Posted by slugbuggy on Thu, 08/19/2004 - 12:18pm.
I'm sayin' that's right, too. She's not so much bothered by the illicit nature of her prospective (or current?) relationship with the guy. What gets her is that he's not into her enough (figuratively) for it to be considered a threat to the relationship he has now. He doesn't feel strongly enough about her to feel that he has to lie to his girlfriend about it.

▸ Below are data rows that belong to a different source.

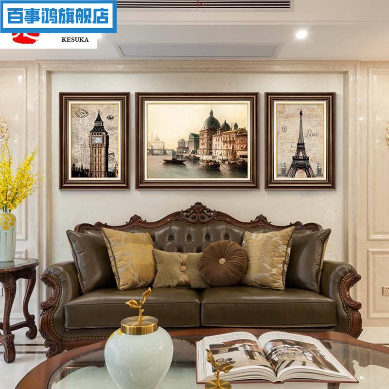 极速美式客厅装饰画沙发背景墙z欧式三联画建筑挂画大芬油画村玄
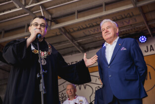 Gdańsk,ul. Długi Targ. XXVI Święto Chleba na Jarmarku św. Dominika. Uroczyste Otwarcie. Nz. Poseł na Sejm RP Kazimierz Smoliński
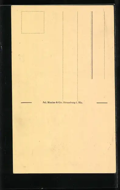 Personenbezogene Daten auf der Rückseite der Karte wurden durch blauen Textmarker unkenntlich gemacht. Die blauen Stellen sind auf die Vorderseite durchgeweicht und wirken sich negativ auf das Postkartenfoto aus
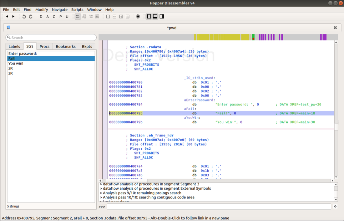 Suppose we want to trick the code into accepting any password, and not printing "Fail!". We'd like to see the code that uses the string "Fail!".
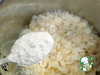 Введите муку. Прогрейте, около 30 секунд. |
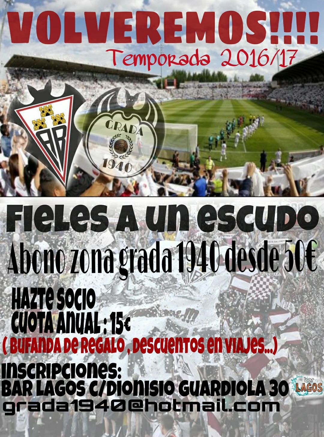 La Grada 1940 está de vuelta y ha dado a conocer su campaña de captación de socios. El abono se puede conseguir por solo 50 euros, mientras la cuota anual de socio asciende a 15 euros. Las inscripciones se pueden hacer en el Bar Lagos de la calle Dionisio Guardiola núm. 30.
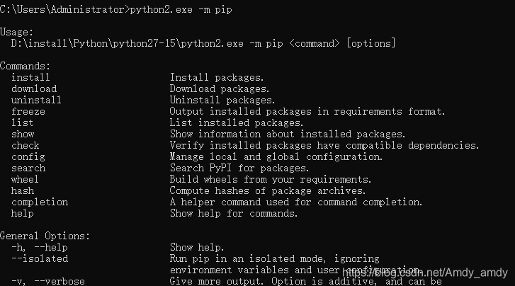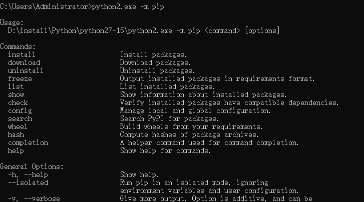 这里以我命令的python2.exe为例:python2.exe -m pip
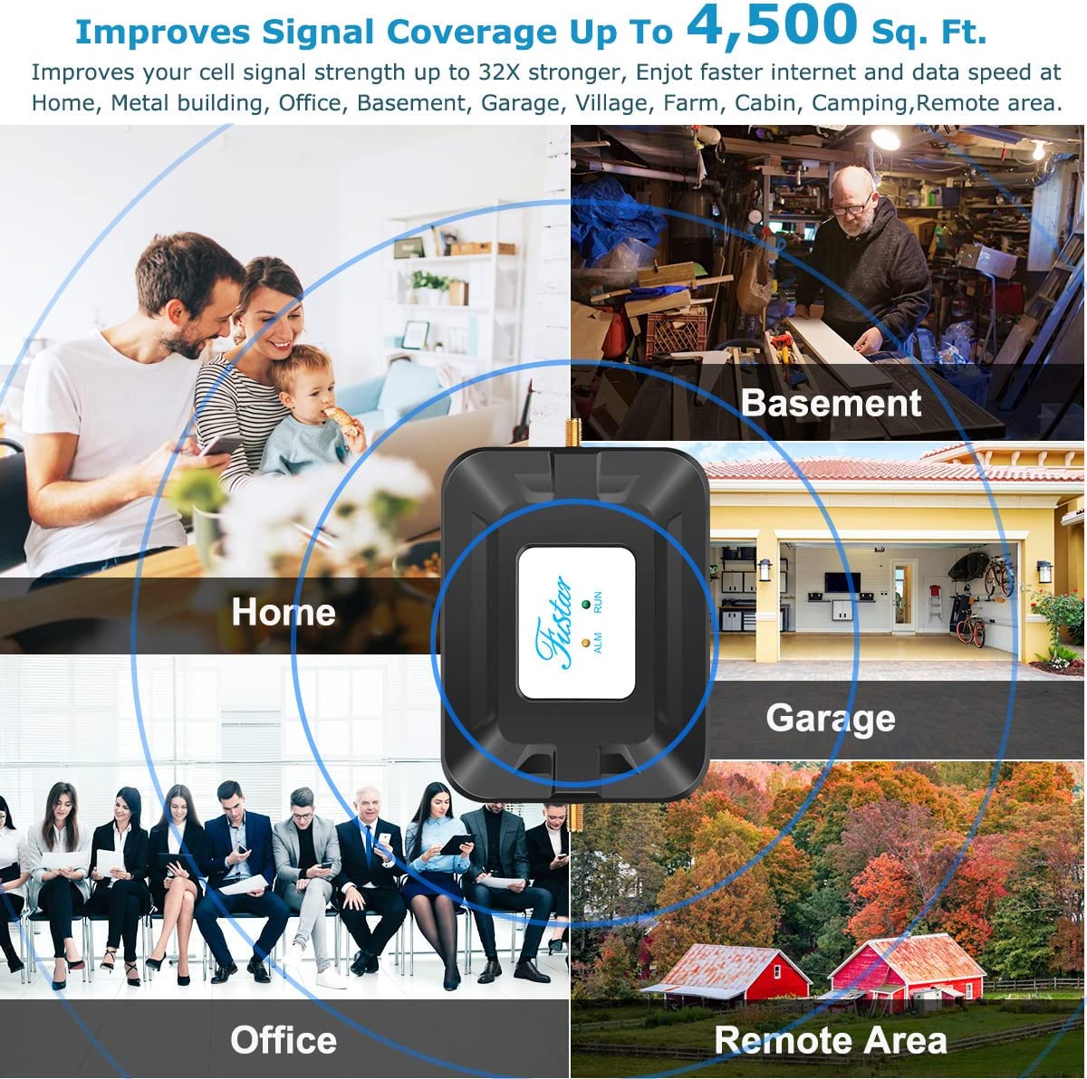 FUSTAR Cell Phone Signal Boosters for Home 4G 5G AT&T, T Mobile, U.S Cellular, Cricket, Straight Talk Band 12/17 BLACK

He's not going to be calling her up at 3:47 A.M., desperately trying to arrange a rondez-vous behind the quickie-mart so he can see her for just a few minutes or anything like that, while pretending to his girlfriend that he ABSOLUTELY had to go out in the middle of the night to get Cheetos and a can of WD40. ("The screen door SQUEAKS! I'm sure you can live with it, Liz, but I'm not that strong. Plus, you know how much I love Cheetos. I'll be back. I'm certainly not going out to have an affair, if that 's what you're thinking.") And the guilt and shame, none of that, or the lying and the anticipation and the guilt, and the shameful sex. ("Oh, this is so wrong. I feel horrible about what we're doing. We should only keep doing this until we get caught.") That's why she's pissed, because if an affair doesn't have all that, why bother?

In summation: it's not that she thinks an affair would be immoral or anything, in this case it wouldn't be immoral enough to even bother with.

Maybe when Liz finds her bunny boiling on the kitchen stove, then she'll start freaking out a litlle bit.